Last is the shape of the aggregate function itself. Most "built-ins" like SUM, AVG, STDEV etc are linear to total inputs, but there are "aggregate" functions (defined loosely as algorithms digesting a series to a scalar) that have higher computational complexity. Regression analyses tend to be N^2 or worse, and certain specialized scalar calculations can be higher-order polynomial or NP-time.

I put aggregate function complexity last because you typically have less control over the calculation you need than the inputs into it, however a common optimization involves reducing the problem from a complete calculation to an incremental one. Calculating the sum of a million random data points is a million addition operations, and there really isn't any way around that. However, calculating the sum of a million data points, given the sum of 999,999 of them and the millionth value, is basically constant-time.

This is how that aggregate column is going to help you, if it is really needed. A trigger on an insert or update of a child record, to set the sum field of the parent record(s) to (currentSum - deleted.ValueToSum + inserted.ValueToSum), makes maintaining these sums dramatically less complex than calculating the value from scratch. This improves query speed of the aggregate value without sacrificing insert speed (which is impacted by both triggers and indexes).

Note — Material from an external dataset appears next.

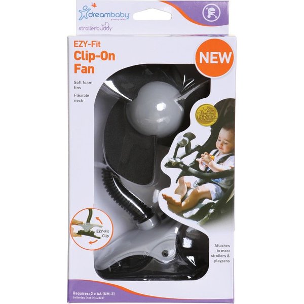 Wentylator marki Dreambaby jest w zupełności bezpieczny dla malucha - jego łopatki wykonane zostały z pianki. Daje on przyjemne odczucie chłodu dla malucha zarówno w wózku jak i kojcu w upalne dni. Elastyczna szyja wentylatora pozwala ustawić odpowiednią pozycję. Wentylator montowany jest za pomocą klipsa.

Again, all of this is contingent on a simple, intuitive, "naive" solution not being good enough. To determine that, you first have to define "good enough", usually "some insignificant fraction of the total load time of the UI view", and test your candidate implementation to show that it definitely doesn't meet the definition. So, start with a computed column defined as a subquery of the record's children (basically a stored subquery giving you the advantage of a cached execution plan). If that isn't fast enough, make sure you are including the value you're summing in an index of the child table on the parent ID. If that's still not fast enough, then consider replacing the computed column with incremental calculation in a trigger or the create/update SP.

KeithS
  • 21,994
  • 6
  • 52
  • 79
  • 2
    "Modern DBMS software on modern hardware can make short work of even naive implementations of the aggregate at these scales." It may be that aggregating 1000 children is a fast query, but it's still about 1000 times worse than just loading a single row by primary key. If this query is in a frequently used path, denormalization could decrease the cost of this query by three orders of magnitude. Don't be so quick to assume optimization is premature. – Phil Frost Jun 15 '21 at 20:02
  • 2
    On the other hand, this answer could make a good illustration for Wirth's law. – Phil Frost Jun 15 '21 at 20:04
  • i forgot to say thanks for the incredibly comprehensive answer! much appreciated. It turns out, my DB is quite trivial so this has given me some much needed perspective. – tommytucker7182 Jun 16 '21 at 10:42
  • "This is how that aggregate column is going to help you". You're overlooking the read/write ratio. If reads>writes, then an aggregate is a win regardless. – Mooing Duck Jun 17 '21 at 14:29
  • @PhilFrost - I agree with everything you've said; that's why there are a few "never do's" regarding algorithm complexity, and performance/load testing is paramount in performance-critical applications. Re: Wirth's Law, I agree there as well, but the explanation is simple; hardware is cheaper than developer time. As with many creative pursuits, the result's never perfect, you just run out of time to get it there. – KeithS Jul 01 '21 at 20:44
23

Most relational databases have something called Materialized Views. It basically has the database precompute a query and keep that around for quick response. The database is then responsible for keeping the View consistent with the data, including any complications from atomicity transactions. Basically like database-managed caching.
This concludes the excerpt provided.